Атаман лежал на ярком ковре, как раненый, но не сломленный лев. До самой груди он был прикрыт золототканой парчой, на которой тяжело, неколебимо покоились крупные мосластые руки, властно сжимавшие знак власти — пернач. Голова атамана была приподнята подушками так, чтобы всем было видно лицо.

Монах-иезуит рассчитал точно. Всякий в шумевшей толпе, кто взглянул бы в лицо атамана, замолчал тотчас, устыдившись и слов своих, и мелочности рождавших их мыслей, да и самого себя, дергающегося, раскинув руки, на телеге или на винном бочонке, поставленном торчмя.

Лицо атамана прорезали глубокие, как сабельный след, морщины, волной спадали мощные полуседые усы, хмуро и мрачно нависали над полузакрытыми глазами упрямые кустистые брови. Однако были же здесь и иные лица — иссеченные морщинами, украшенные не менее пышными усами, густыми бровями, прикрывавшими глаза, как козырьки. Вон сколько казаков вокруг стояло, и на каждом лице было написано свое и вовсе не простое. Их жизнь пестовала жесткими руками и жесткой же рукой на лицах писала знаки. Нет, не усы, не кустистые брови, не сабельно сеченные морщины выделяли лицо атамана, но то выражение силы, дерзости, своенравности, несокрушимой мощи и гордой неуемности, что проглядывало из всех его черт. Это была сила, дерзость, своенравность мощи и гордой неуемности самой степи, породившей этого казачину и капля за каплей перелившей в него свою мятежную душу.

Толпа смолкла.

Носилки с атаманом Мнишековы гайдуки с бережением поставили на телегу и отступили в сторону. Сотни глаз в молчании обратились к атаману. Молчал и атаман. Так продолжалось долго. И минуту, и две, и три… Лицо атамана было неподвижно, но, однако, чувствовалось, что он не уснул, не забылся в боли от раны, а видит окружавших его людей и внимательно прислушивается к ним. О том говорили глаза, тяжело устремленные на толпу из-под полуопущенных век. Какие думы рождались в его изуродованной ударом бердыша голове, никому не было ведомо. Но многие в толпе, глядя на своего атамана, вспомнили, как ходили под его водительством в степь, слышали свист сабель, видели огонь и дым пожарищ, товарищей, которых уже не было на белом свете. Смерть, вид умирающего человека и самые грубые души заставляют содрогнуться и, оглядываясь вокруг, спросить в тоске: «А что же я, кто я и что там для меня впереди уготовано?»

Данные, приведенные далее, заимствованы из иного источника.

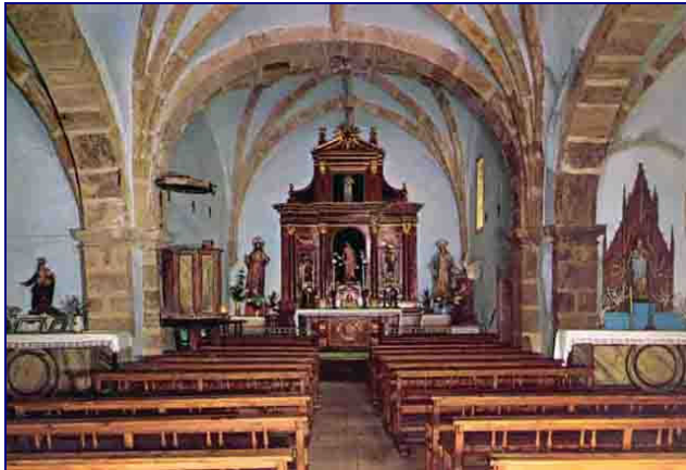
Het kerkje van Garabandal
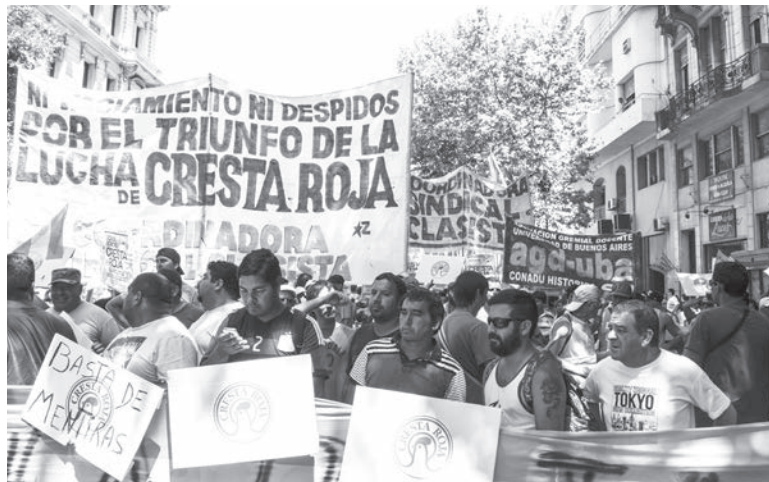
Los trabajadores de Cresta Roja marchan a la Plaza de Mayo con el clasismo y la izquierda.
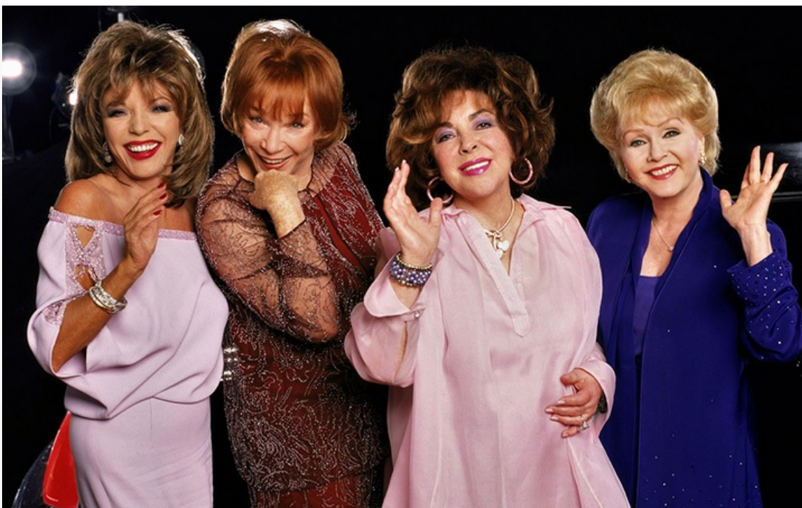
телефильме «Старые клячи по-американски», 2001 год

Элизабет Тейлор скончалась 23 марта 2011 года в возрасте 79 лет. Похоронили одну из ярчайших звёзд в истории мирового кино в мемориальном парке «Форест-Лаун» в Глендейле.
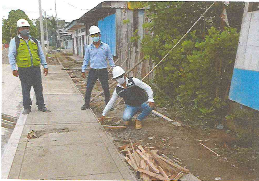
- DETALLE EN VEREDAS COMO SU ACABADO, VERIFICACION Y APROBACION CON SUPERVISION IN SITU DEL MISMO.
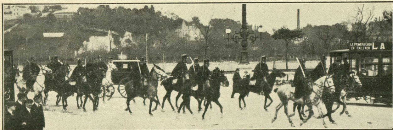
Entrada en la Avenida de la Libertad de los alumnos de Caballería, procedentes de Tolosa.

un lunch , que tuvo lugar en el restaurant del monte Ulía. Suponemos que habrán quedado satisfechos de su estancia en la bella Easo, así como nosotros nos hemos considerado honrados con su visita.
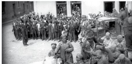
Príslušníci Rudé armády v Jevíčku

S úctou vzpomínáme na spoluobčany, kteří se toužebně očekávaného míru nedožili a zahynuli v boji s německým fašismem právě na samém prahu svobody v roce 1945. Ačkoliv jsou jejich životní osudy rozdílné, jedno mají společné. Milovali svoji vlast tak, že pro ni obětovali i svůj život.
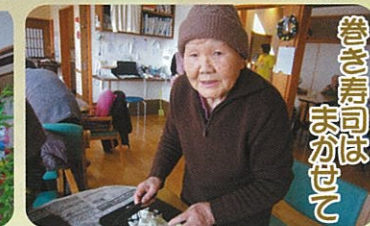
巻き寿司はまかせて
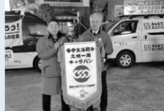
連合大分へ春闘フラッグ引継ぎ

連合福岡は、2月5日に連合佐賀から春闘フラッグを引き継ぎ、10日連合大分に日田市で行われる引継式で春闘フラッグを引き渡しました。福岡行動の期間中は、地域協議会と連携して各地で春闘開始宣言集会や街頭集会を行いながら、街宣を展開しました。
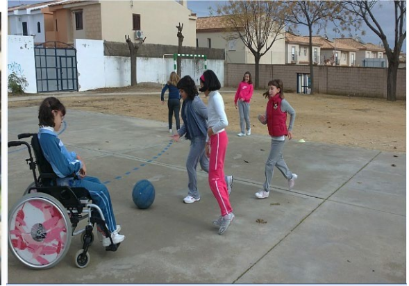
Proyecto: "Recreos ecosaludables para un recreo no sexista"
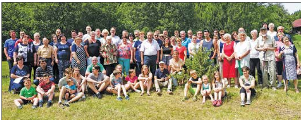
Snidenja na Logu se je udeležilo kar 73 od 134 živečih sorodnikov.

Казачья жизнь была коротка. Редкий казак доживал до седой чуприны. Сегодня пляшет хлопец в обступившем его кругу таких же, как он, молодых и здоровых, летят над головой вскинутые руки, блестят глаза, и счастливо цветет на лице белозубая улыбка, а завтра падет он под сабельным ударом, и хорошо, ежели остановится после сечи казачья вольница и плясуна того, по христианскому обычаю, опустят в землю, помолившись, поставят в голову ему крест. Чаще бывало, уходя от преследования, бросали казаки погибших, и лежали те вдоль дорог, в буераках, под холмами, всеми забытые, непогребенные, пока не растаскивали их звери или птицы. Было, было о чем подумать казакам, стоящим вокруг атамана…

Срываясь неловкой ногой с колеса, полез на телегу пан Мнишек. Утвердился, взобравшись, и неожиданно громко — а, скорее, выделила и подчеркнула силу голоса тишина, стоявшая над толпой, — закричал:

— Панове казаки! Как же оставить вам неотмщенным изрубленного атамана?

Пан взмахнул рукой в сторону крепости.

— Там враги ваши! Это они срубили достохвального рыцаря…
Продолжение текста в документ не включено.